There’s The Empire Strikes Back (although I must admit on any given day I waffle between calling the original or this the Best).
I believe The Two Towers is the best of the Lord of the Rings Movies. It is the most watchable and has the tightest story.
Dragons of Winter Night is the best of the Dragonlance Chronicles Novels. The two parallel adventures are exciting and it avoids the clunkiness of bringing D&D Mechanics to life in the first Novel and the kind of Anti Climatic ending of the third.
The Subtle Knife was my favorite of the His Dark Materials books. It seemed to be the fastest read of the three.
Gormenghast, the second novel in Mervyn Peake’s Gormenghast Trilogy. It introduces Professor Bellgrove and has the wonderful Wodehousian party scene at Irma Prunesquallor’s house. Plus the grotesque deaths of Cora and Clarice, Steerpike’s murder spree, and Titus’ triumph.
Except it wasn’t supposed to BE a trilogy – the third book has little to do with the first two – and Peake had planned to continue the series indefinitely, but then got Parkinson’s and died young.
I really enjoyed David Brin’s Startide Rising. Then was pleased to discover it the middle book in a series of 3. (Set in the same universe–not quite a trilogy.) Then I found the other two; the first one I’d read was far superior to either.
I think he did a “trilogy” set in that universe a bit later. Didn’t bother…

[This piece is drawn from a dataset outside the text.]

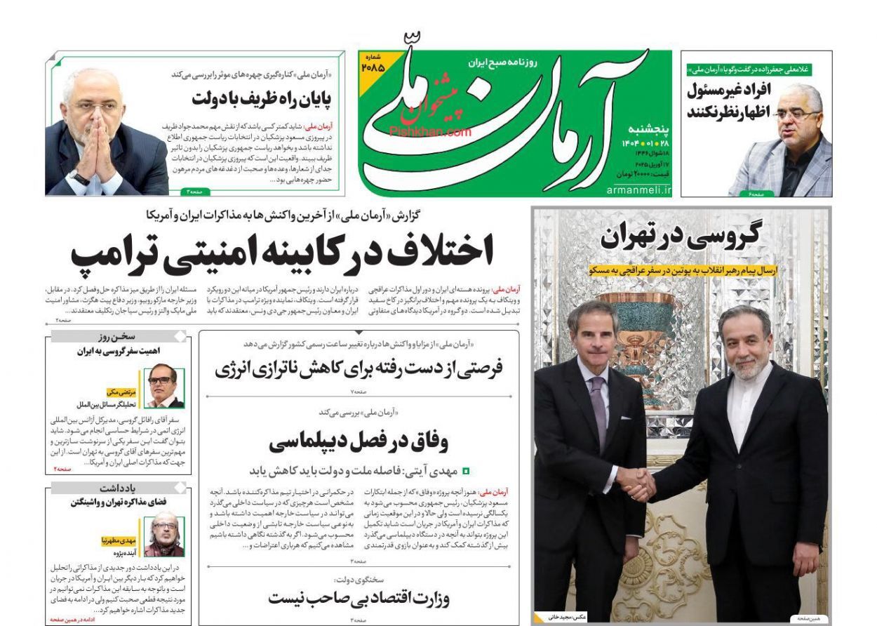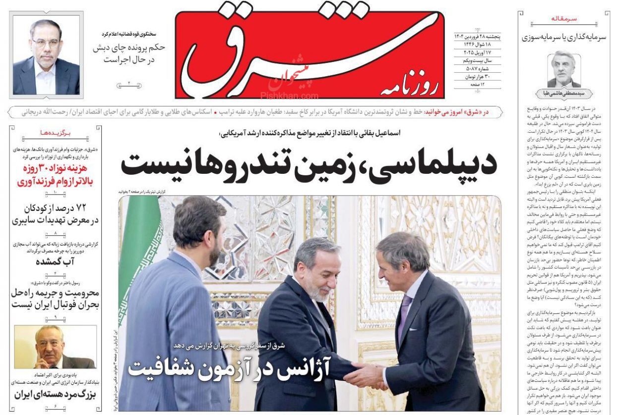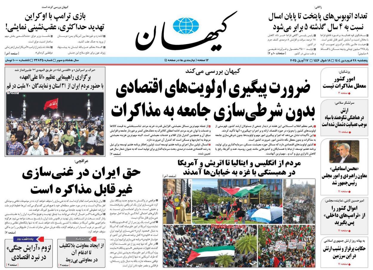 عناوین روزنامههای پنجشنبه ۲۸ فروردین ۱۴۰۴

The early Uplift books weren’t really a trilogy. They just got marketed that way when the series reached three books. But there was really no connection between the first three books other than they were set in the same background. They’re stand-alone novels that can be read in any order.

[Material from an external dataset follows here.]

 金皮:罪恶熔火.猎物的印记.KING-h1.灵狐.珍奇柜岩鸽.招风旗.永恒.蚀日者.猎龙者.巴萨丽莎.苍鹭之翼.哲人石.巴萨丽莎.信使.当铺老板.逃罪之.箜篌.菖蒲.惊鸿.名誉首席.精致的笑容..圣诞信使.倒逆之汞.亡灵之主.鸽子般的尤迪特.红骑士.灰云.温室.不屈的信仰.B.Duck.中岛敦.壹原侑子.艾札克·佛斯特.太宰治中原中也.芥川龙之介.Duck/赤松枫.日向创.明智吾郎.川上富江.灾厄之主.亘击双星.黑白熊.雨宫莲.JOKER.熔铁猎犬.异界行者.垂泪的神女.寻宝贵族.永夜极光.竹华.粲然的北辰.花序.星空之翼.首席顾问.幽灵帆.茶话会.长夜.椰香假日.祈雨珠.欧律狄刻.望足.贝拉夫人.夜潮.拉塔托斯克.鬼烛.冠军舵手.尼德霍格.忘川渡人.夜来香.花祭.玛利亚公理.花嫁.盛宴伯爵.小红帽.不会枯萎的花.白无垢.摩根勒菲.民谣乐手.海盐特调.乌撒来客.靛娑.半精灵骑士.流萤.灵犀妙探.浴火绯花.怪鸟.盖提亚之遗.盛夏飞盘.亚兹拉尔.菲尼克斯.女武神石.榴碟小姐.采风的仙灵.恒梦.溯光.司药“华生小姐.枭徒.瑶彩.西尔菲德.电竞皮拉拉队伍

But Brin started to write a fourth book in the series which was going to be titled Sooner. However it grew in length and Brin decided to split it up into a genuine trilogy: Brightness Reef, Infinity’s Shore, and Heaven’s Reach.
I think The Bourne Supremacy is the best of the Bourne movies. The third was also really good but suffered from the lack of a truly worthy villain for Bourne.
I think the second movie in a franchise series is OFTEN the best one, simply because the first movie often has to spend a lot of time on the protagonist’s origins, which can be a bit of a drag.
Once that’s out of the way, a good writer and a good director can get down to telling a good, new story.
I hear that a lot, so it must be me; when I first saw TESB, I walked out of the theater feeling that it was a waste of time, nothing more than a space filler between the first and third movies. Maybe it’s because I feel that every movie (or novel) needs to have an ending, even if it’s just one part of a trilogy. Subsequent viewings haven’t changed my mind.
One of the main reasons, for me, is I think Star Wars deserves extra credit because it was first. When they created Star Wars they started with a blank page; when they created ESB they at least had Star Wars to work form.
Howard Whitehouse’s Misadventures of Emmaline and Rubberbones:
The first and third, The Strictest School in the World and The Island of Mad Scientists are amusing. The second, The Faceless Fiend, is hilarious. It’s one of the funniest books I’ve ever read.